A cloud-fog computing framework for real-time energy management in multi-microgrid system utilizing deep reinforcement learning
Milad Mansouri, Mohsen Eskandari, Yousef Asadi, Andrey V. Savkin
Abstract
Uncertainties in a microgrid (MG) result in challenges in reaching the optimal production-consumption balance via the energy management system (EMS). Therefore, multi-MG systems are proposed to achieve more optimality with stability. However, the EMS yet faces more uncertainties due to the increased number of renewable energy resources in multi-microgrids. Therefore, the use of a battery energy storage system (BESS) is crucial to manage these uncertainties. BESSs impose huge investment and operation costs, so it is important to consider their optimal planning and operation to maximize their benefits and lifespan. Model-based optimization approaches are used by formulating the EMS problem based on the complete system models under uncertainties.
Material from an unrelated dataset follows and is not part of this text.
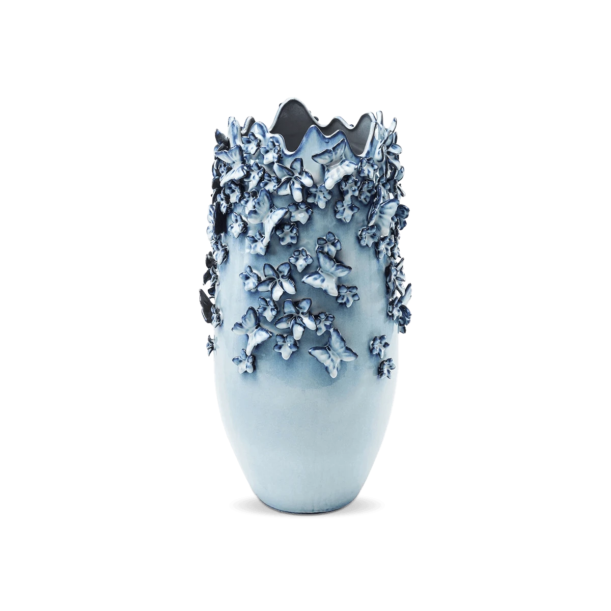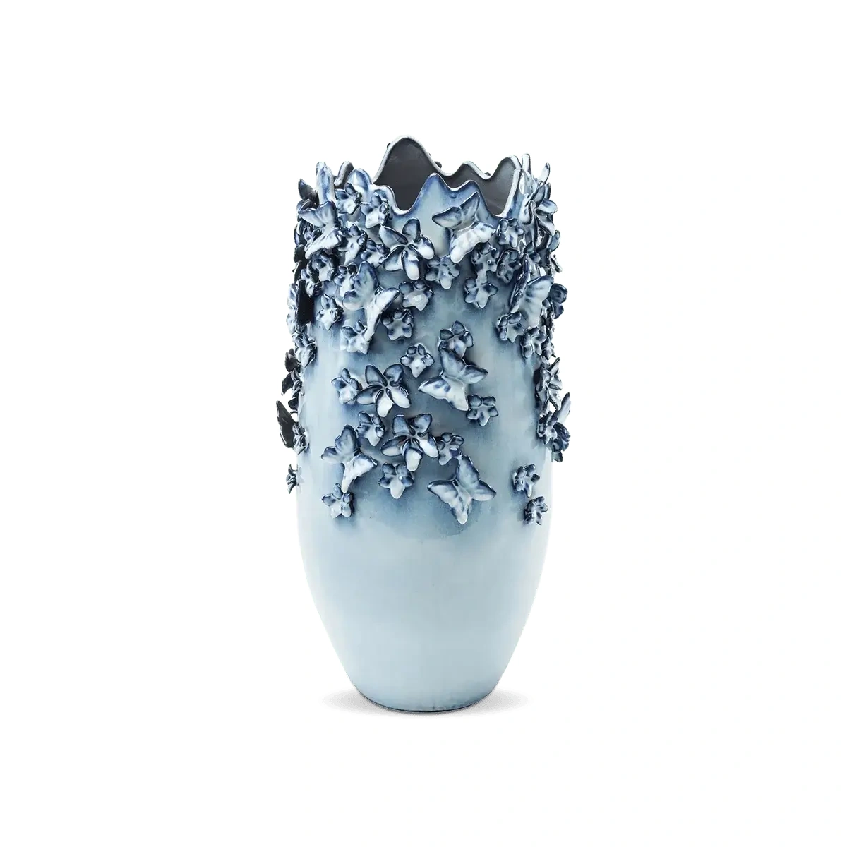 Enliven your space with the Light Blue Stoneware Butterflies Vase, a perfect blend of form and functionality.

However, this assumption is usually impractical due to the prohibitive complexity and computational burden of solving a large nonlinear problem with many uncertain variables subject to privacy policies. This paper employs the deep reinforcement learning (DRL) technique to handle uncertainties associated with the large number of uncertain variables in EMS for multi-MG systems. An auxiliary cloud-fog computing framework is proposed for the DRL agents, which includes sufficient storage space, computational resources, and communication infrastructure among MGs. Simulation results in Matlab reveal that the optimality of the EMS is improved by 15 % on average by utilizing the auxiliary computing framework.